**Materials provided:**

══════

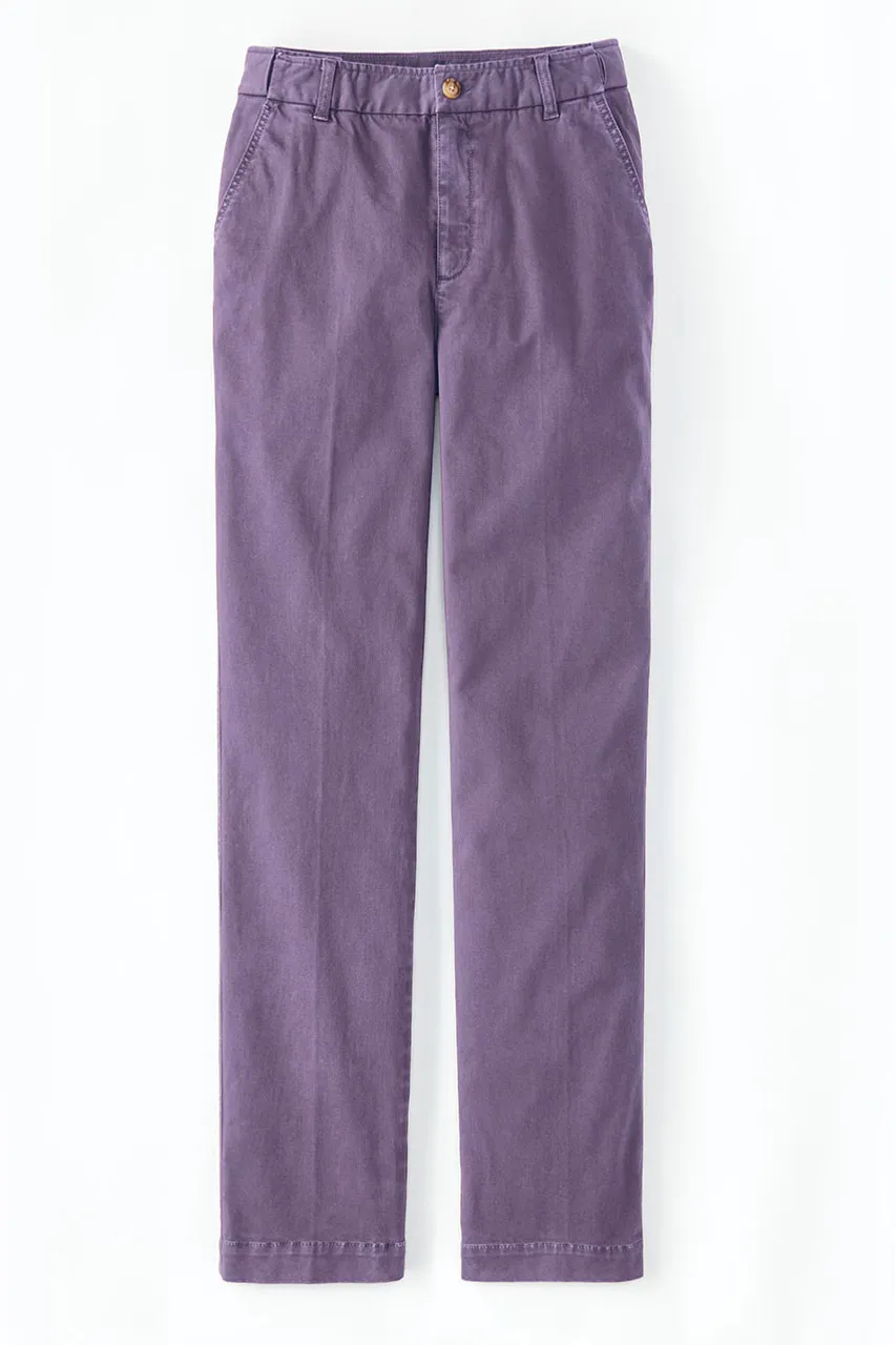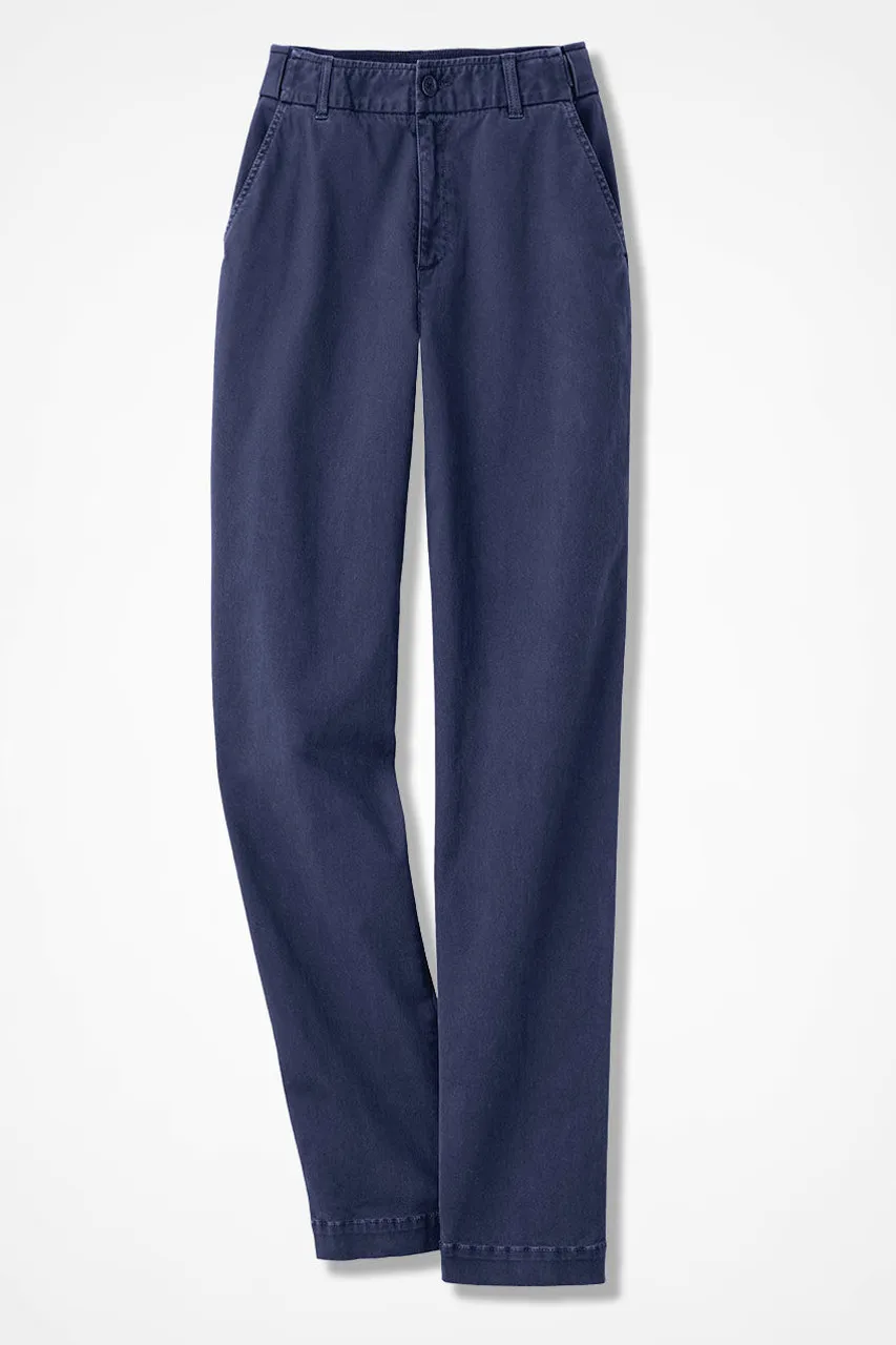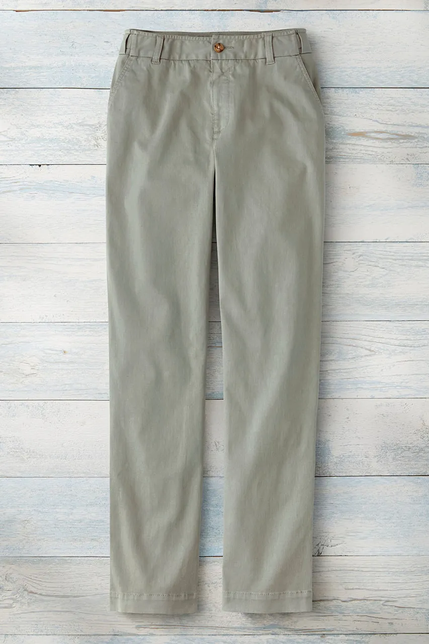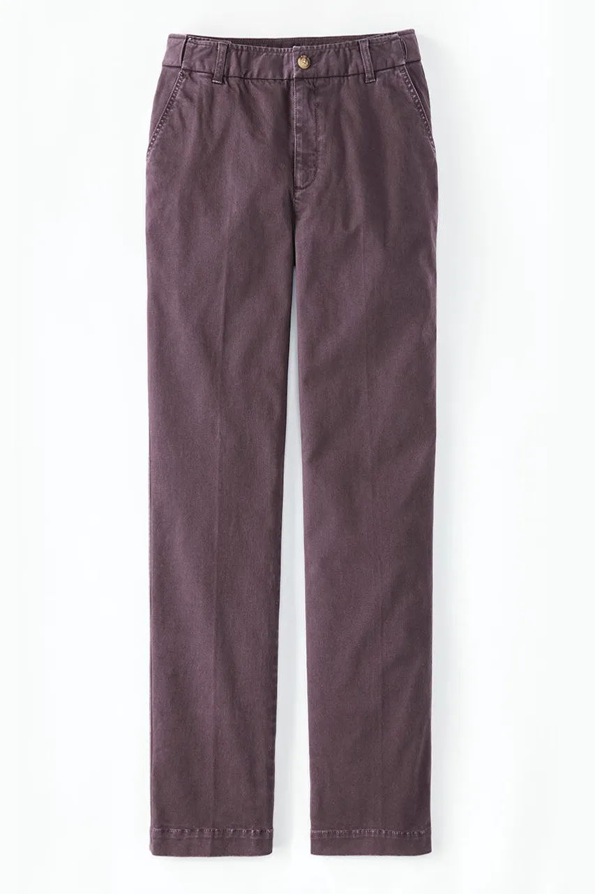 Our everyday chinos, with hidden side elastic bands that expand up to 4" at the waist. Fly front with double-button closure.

══════

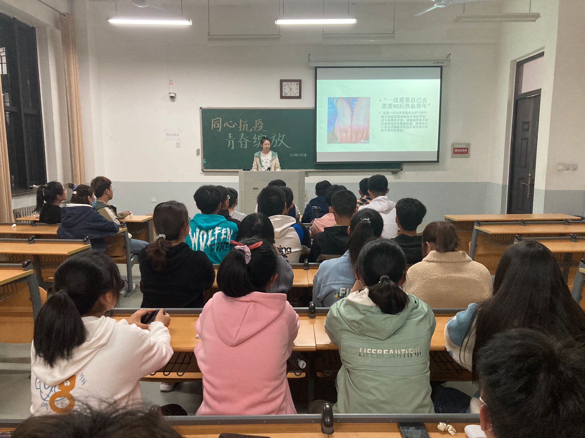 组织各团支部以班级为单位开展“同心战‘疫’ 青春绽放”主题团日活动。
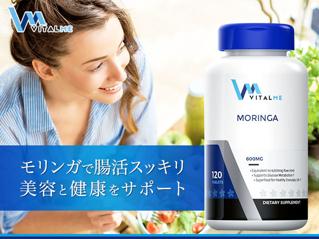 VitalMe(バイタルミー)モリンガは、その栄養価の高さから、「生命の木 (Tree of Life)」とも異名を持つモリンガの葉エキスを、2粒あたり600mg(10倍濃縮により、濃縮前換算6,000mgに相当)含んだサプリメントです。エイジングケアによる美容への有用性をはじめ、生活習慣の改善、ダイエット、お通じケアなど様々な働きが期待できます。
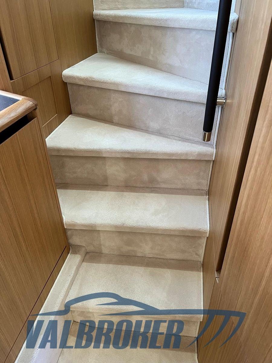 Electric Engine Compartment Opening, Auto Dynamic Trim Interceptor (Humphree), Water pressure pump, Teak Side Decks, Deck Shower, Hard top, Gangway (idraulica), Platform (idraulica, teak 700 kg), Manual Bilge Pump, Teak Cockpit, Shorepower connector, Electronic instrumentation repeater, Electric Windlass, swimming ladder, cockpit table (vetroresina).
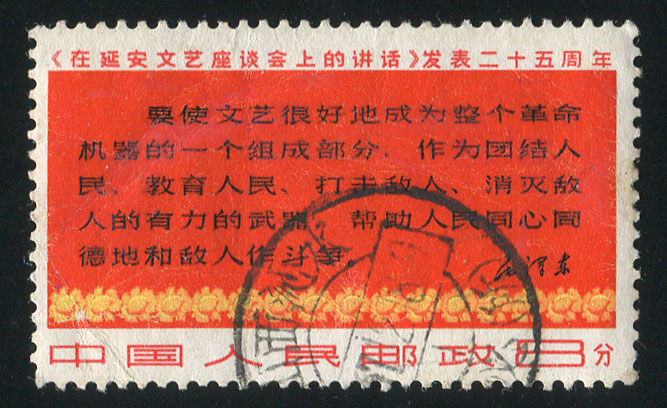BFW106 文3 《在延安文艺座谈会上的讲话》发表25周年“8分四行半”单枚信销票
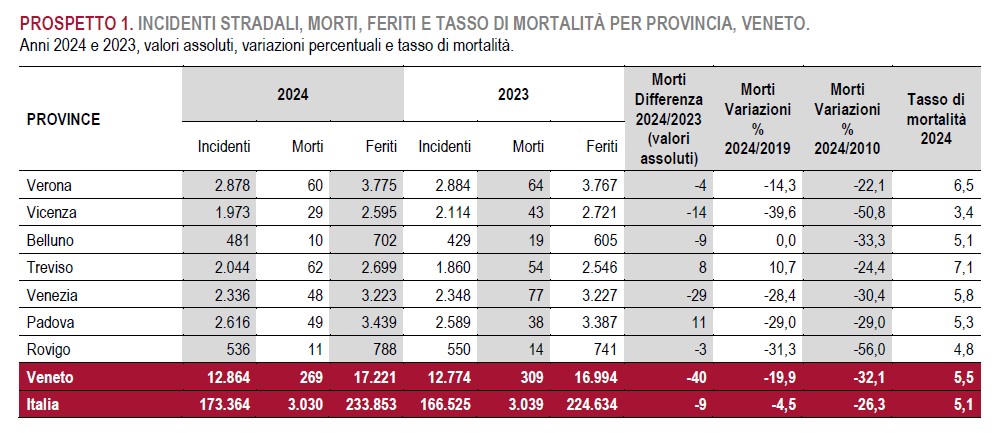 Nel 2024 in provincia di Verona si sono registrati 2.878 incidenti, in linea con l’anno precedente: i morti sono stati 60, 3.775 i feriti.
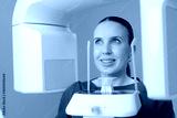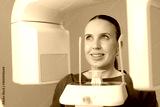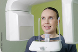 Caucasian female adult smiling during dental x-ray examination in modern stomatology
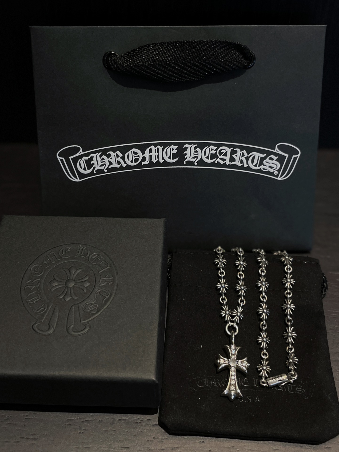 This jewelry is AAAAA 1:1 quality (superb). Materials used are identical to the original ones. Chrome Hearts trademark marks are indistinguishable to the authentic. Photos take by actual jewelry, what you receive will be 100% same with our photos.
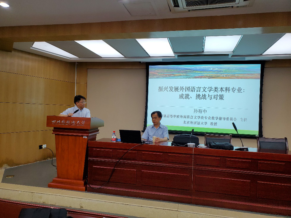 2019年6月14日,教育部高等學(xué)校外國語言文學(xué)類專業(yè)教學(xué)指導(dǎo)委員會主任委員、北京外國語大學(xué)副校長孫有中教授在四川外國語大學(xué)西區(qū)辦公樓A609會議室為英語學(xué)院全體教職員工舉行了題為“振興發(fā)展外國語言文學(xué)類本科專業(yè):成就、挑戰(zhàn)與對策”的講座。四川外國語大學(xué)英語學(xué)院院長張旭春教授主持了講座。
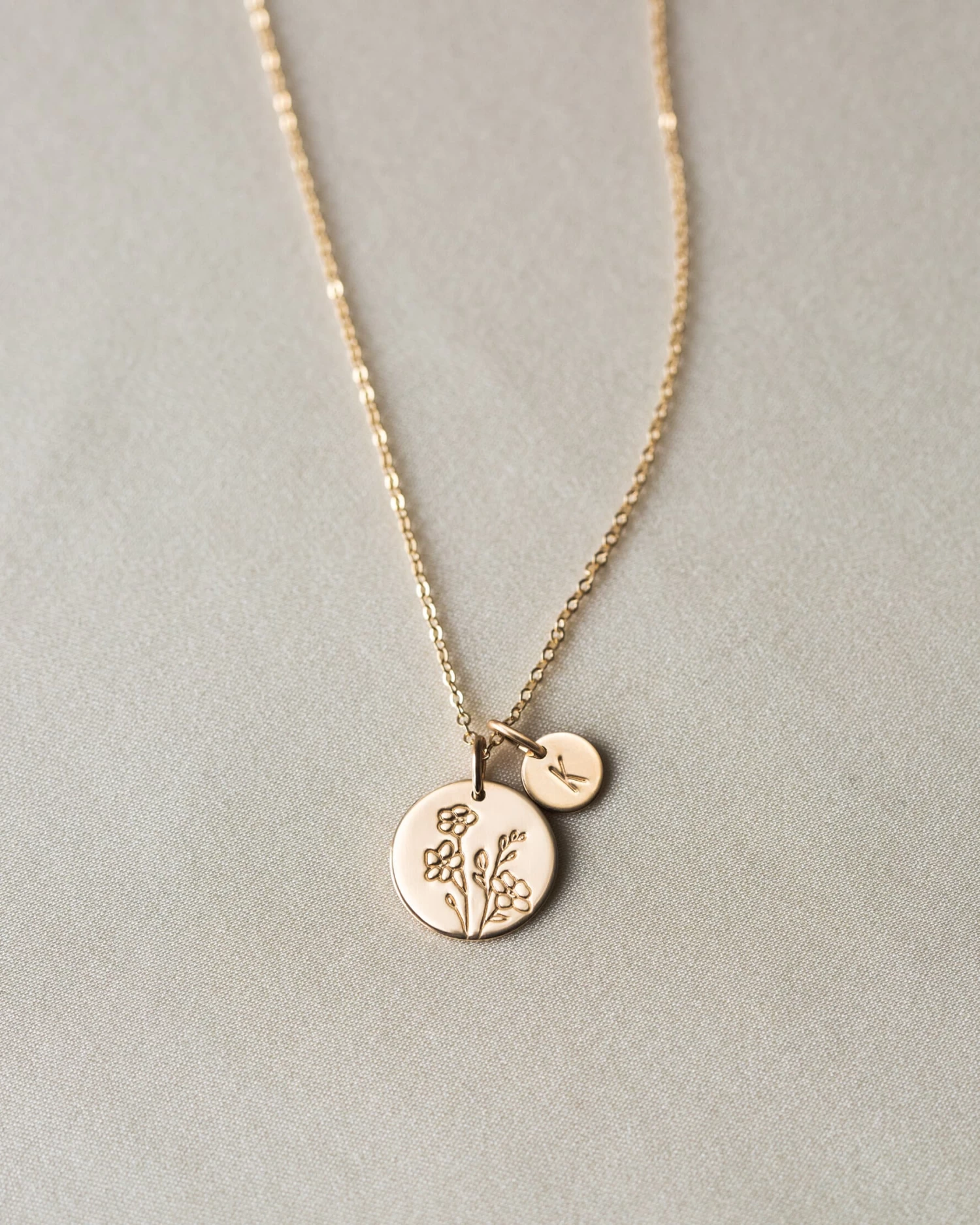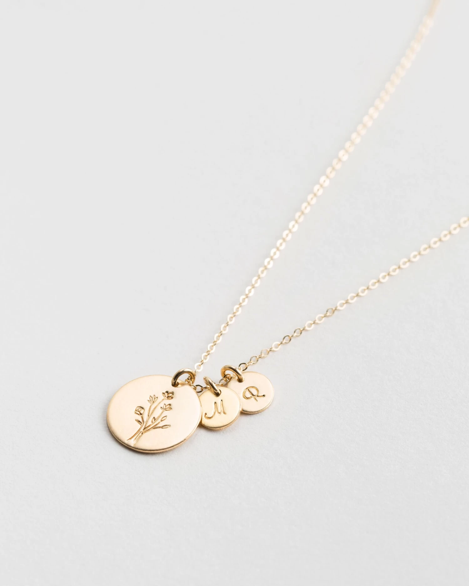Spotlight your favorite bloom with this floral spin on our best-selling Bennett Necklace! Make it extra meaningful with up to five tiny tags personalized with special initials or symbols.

══════

**Task goal:**
Write back word for word every line in the entries above from the one with "Nel 2024 in" to the one with "Caucasian female adult", ends included, and none of the pictures.

**Answer to this exercise:**
 Nel 2024 in provincia di Verona si sono registrati 2.878 incidenti, in linea con l’anno precedente: i morti sono stati 60, 3.775 i feriti.
 Caucasian female adult smiling during dental x-ray examination in modern stomatology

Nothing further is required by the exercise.